With this issue, we celebrate Shelterforce’s 25th anniversary. Shelterforce has come far during this time, from a small quarterly newspaper to a glossy bi-monthly. Unfortunately, the problems that made Shelterforce necessary in 1975 remain today. For those of us working in low-income neighborhoods, the clearest problems face us as we walk down the streets: dilapidated and unaffordable housing, incompetent municipal services (especially schools), few commercial services, no jobs nearby and poor transportation to the jobs that are available.
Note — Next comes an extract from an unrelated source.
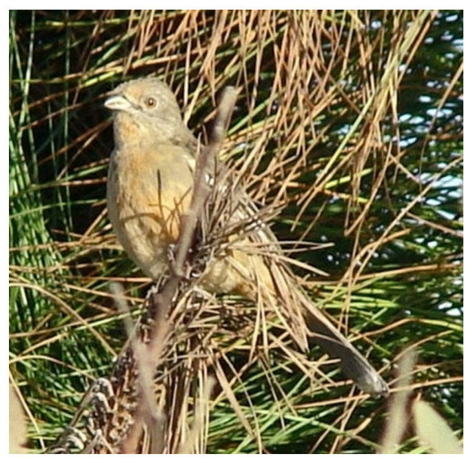
FIGURE 1. Phytotoma rutila recorded on 19 April 2009 in Capão da Canoa, state of Rio Grande do Sul, southern Brazil.

Here we report a second record of P. rutila in Brazil. On 19 April 2009, one individual (Figure 1) was recorded by J.A.F.S. at a coastal dunefield (29°42'19" S, 49°59'10" W) in Capão da Canoa, a municipality located on the northern coast of Rio Grande do Sul. The landscape is mainly herbaceous restinga , the typical vegetation cover of these coastal dunes (Waechter 1985). However, the bird was observed in a disturbed area dotted with shrubs of Acacia longifolia and young Pinus sp., both exotic plants in Rio Grande do Sul (Cordazzo et al. 2006). The distance from the shoreline was about 500 m. The bird had front and lower parts pale orange with grayish flanks. (Figure 1). These features indicated that the individual was an adult male, since immature males are buffy gray-brown below
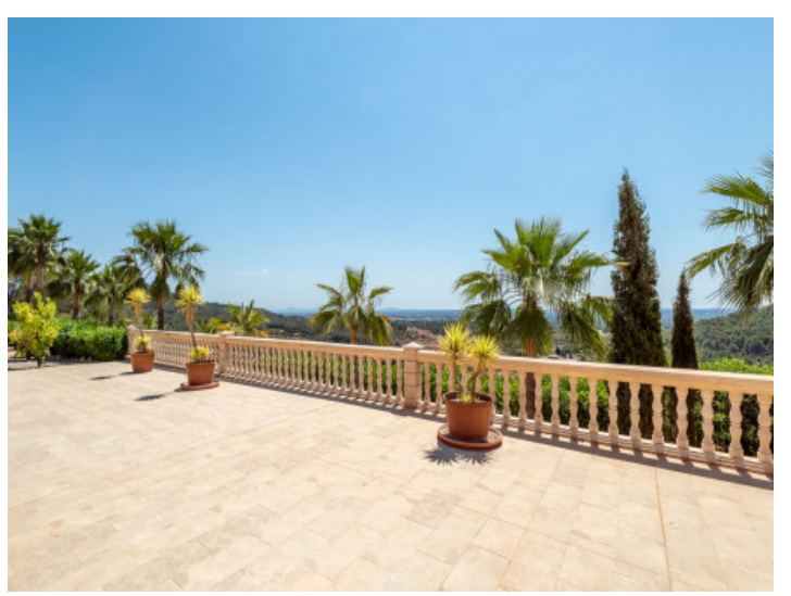
Terrace with views over the landscape

But the issues that underlie these problems aren’t always as clear; nor are they easily fixed. Sometimes intermediary problems have become primary: Discrimination led to white flight, which encouraged sprawl, which caused resource depletion and disinvestment in central cities, which led to infrastructure collapse and family disintegration, which led to low skills, high crime, poverty. So, how far back do you go to fix today’s problem? And how is it possible for those of us working at the neighborhood level to affect issues that clearly extend beyond our borders?
I wish I had the answer, but halfway into my seventh year at Shelterforce, I’m more confused than ever. Nonetheless, a few themes have emerged.
First, there is no single approach to solving the problems of the poor. Housing, jobs, safety, education, transportation, regionalism, and quality of life all have to be part of the revitalization process – as must a healthy and functioning civil society, strong families, and political engagement by organized communities.
Second, we need a values-driven approach to fight the excesses of a market economy. The evils of discrimination, prejudice, greed, exploitation, and fear have not gone away. Our economic systems are not devoid of values, no matter how logically some would have us believe they behave. It’s our job to make sure that justice, love, compassion, and community (inclusive and embracing) are the values that prevail. Maybe someday the market will reward companies that raise their workers’ salaries and not just their CEO’s. And maybe then the phrase working poor will become the oxymoron that it should be.
Third, housing and community development advocates need new allies in the fight for justice in poor urban and rural communities. We need to reach out and create sustainable collaborations with labor, environmentalists, social service providers, and educators, among others. And we need to make sure that our own affordable housing movement’s many players work together more effectively than we have in the past.
Finally, we need to create effective partnerships with good government. In our own research and observations we’ve seen that size doesn’t matter in government. The only things that matter are committed officials, clear headed policies, and resources widely targeted to the middle-income, working-class, and poor.
If you’ve got your collection of Shelterforce handy, you’ll see that all of these threads have been woven through this publication virtually from the beginning. They are not new ideas. They speak to the need for comprehensiveness and collaboration, they speak to the need for creating a movement that is, indeed, greater than the sum of its parts – the kind of movement that’s been responsible for all the reforms of the past. And they speak to the need for widespread political participation by people at all economic levels, not just the elites.
In this issue, in addition to John Atlas‘s political and social history of Shelterforce’s first 25 years, we’ve asked a number of industry leaders and thinkers to share their opinions and insights on the critical issues faced by community builders. We hope you find their thoughts challenging.
Over the next few years, we will continue to examine the work of those building affordable housing, creating jobs, teaching skills, and assuring unimpeded access to capital and opportunity. We’ll also probe the relationship between communities and the labor and environmental movements as well as the role of faith-organizations to community revitalization, and we’ll try to understand exactly what regionalism and globalization mean for community-based organizations. We will continue to provide a forum for the critical analysis of ideas that are at the intersection of the theory, policy, and practice of community building.
If we have helped you – our readers and our movement – in any way over the past 25 years, our work has been a success. Together, we’ll continue to move forward.